* [THE TASK]
Go to the line below that has "本网讯 11月22日,教育部", print it and each line after it exactly, and stop after the line that has "Los bordados siempre"; leave out pictures.

* [RECORDS TO USE]
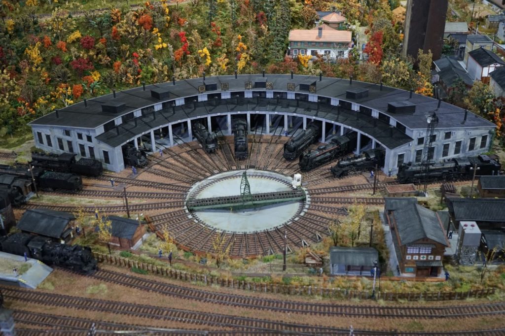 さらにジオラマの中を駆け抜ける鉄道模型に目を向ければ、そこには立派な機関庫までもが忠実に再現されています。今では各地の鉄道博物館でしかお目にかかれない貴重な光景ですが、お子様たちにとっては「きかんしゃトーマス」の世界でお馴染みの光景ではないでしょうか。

--

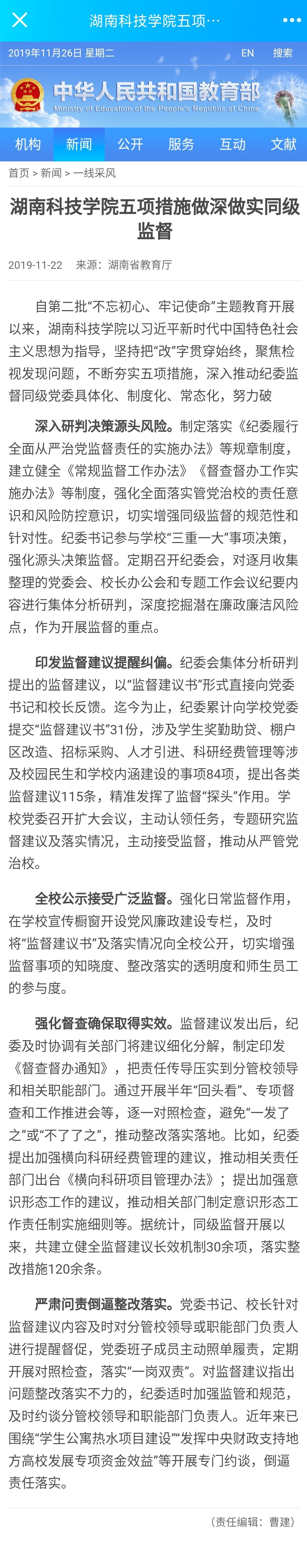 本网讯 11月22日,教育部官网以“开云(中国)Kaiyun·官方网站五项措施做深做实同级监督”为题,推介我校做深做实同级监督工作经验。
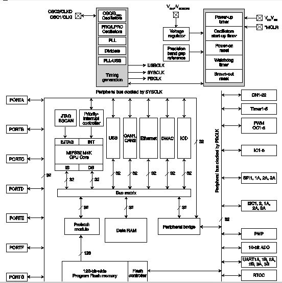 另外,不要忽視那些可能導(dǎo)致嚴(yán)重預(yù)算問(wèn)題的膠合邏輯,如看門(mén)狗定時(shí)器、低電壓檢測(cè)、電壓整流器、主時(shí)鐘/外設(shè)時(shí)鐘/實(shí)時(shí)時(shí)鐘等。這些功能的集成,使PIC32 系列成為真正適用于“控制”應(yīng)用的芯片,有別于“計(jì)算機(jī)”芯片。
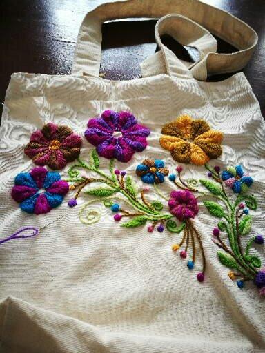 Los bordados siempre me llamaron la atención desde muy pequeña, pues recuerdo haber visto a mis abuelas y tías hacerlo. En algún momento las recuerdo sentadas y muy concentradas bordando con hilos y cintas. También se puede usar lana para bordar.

* [REPLY]
 本网讯 11月22日,教育部官网以“开云(中国)Kaiyun·官方网站五项措施做深做实同级监督”为题,推介我校做深做实同级监督工作经验。
 另外,不要忽視那些可能導(dǎo)致嚴(yán)重預(yù)算問(wèn)題的膠合邏輯,如看門(mén)狗定時(shí)器、低電壓檢測(cè)、電壓整流器、主時(shí)鐘/外設(shè)時(shí)鐘/實(shí)時(shí)時(shí)鐘等。這些功能的集成,使PIC32 系列成為真正適用于“控制”應(yīng)用的芯片,有別于“計(jì)算機(jī)”芯片。
 Los bordados siempre me llamaron la atención desde muy pequeña, pues recuerdo haber visto a mis abuelas y tías hacerlo. En algún momento las recuerdo sentadas y muy concentradas bordando con hilos y cintas. También se puede usar lana para bordar.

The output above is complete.